Snowstorm in Jerusalem
© Uriel Sinai Source: Getty Images Cars sit stuck during a snowstorm on one of the two main highways to Jerusalem.
THE heaviest snowfall in decades has blocked roads across Israel and the West Bank, while torrential rains have flooded areas of the Gaza Strip.

The heavy snow, which stopped falling on Saturday afternoon, prompted Israeli authorities to interrupt the Jewish Sabbath to lay on relief trains.

Nationwide, some 30,000 households were without electricity, nearly 9,000 of them in Jerusalem, the Israel Electric Corp said.

Jerusalem city workers managed to clear most roads of drifting snow but appealed to residents to stay at home as fallen trees posed a persistent traffic hazard.

Few had ventured out, apart from observant Jews walking to synagogues.

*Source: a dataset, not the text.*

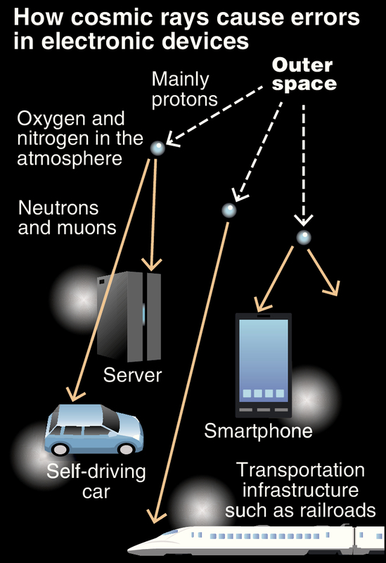 When things like neutrons and muons come into contact with parts of computers, unexpected electricity is transmitted, leading to malfunctions called "soft errors," in which systems do not work as designed.

The snow follows similar flurries across Egypt, where snow fell in Cairo for the first time in 112 years.

Jerusalem-based meteorologist Boaz Nechemia told AFP that between 45 and 60cm of snow had accumulated in the Holy City by Saturday.

"We haven't had such a snowfall in some 70 years,'' he said, noting that a metre of snow fell on Jerusalem in 1920.

With road travel almost impossible, authorities laid on free trains to Tel Aviv and Haifa on the coast, interrupting for the first time ever the shutdown of public transport on the Jewish day of prayer and rest, which runs from sundown on Friday to Saturday night.

The army said it was using armoured vehicles to distribute aid to areas cut off by the bad weather.

Channel 2 television said an initial estimate put the damages at $US85 million ($A95.62 million).

A police spokeswoman said four people had died due to weather-related accidents since Thursday night.

Access to West Bank cities such as Ramallah remained blocked by heavy snowfall, with the only source of power in many cases being private generators.

Low ground on the coast was spared the snowfall, but torrential rains left areas of the Gaza Strip submerged.

The territory's Hamas rulers said 5500 people had been rescued and sheltered after their homes were flooded on Saturday.

Gaza health services said a person died from asphyxiation trying to heat his home, and hundreds suffered weather-related injuries.

In some places, security forces and rescue workers were evacuating residents using small boats.
Flooding in Gaza strip
© AP/Khalil Hamra Rescue workers evacuated more than 5,000 Gaza Strip residents from homes flooded by four days of heavy rain, using fishing boats and heavy construction equipment to pluck some of those trapped from upper floors.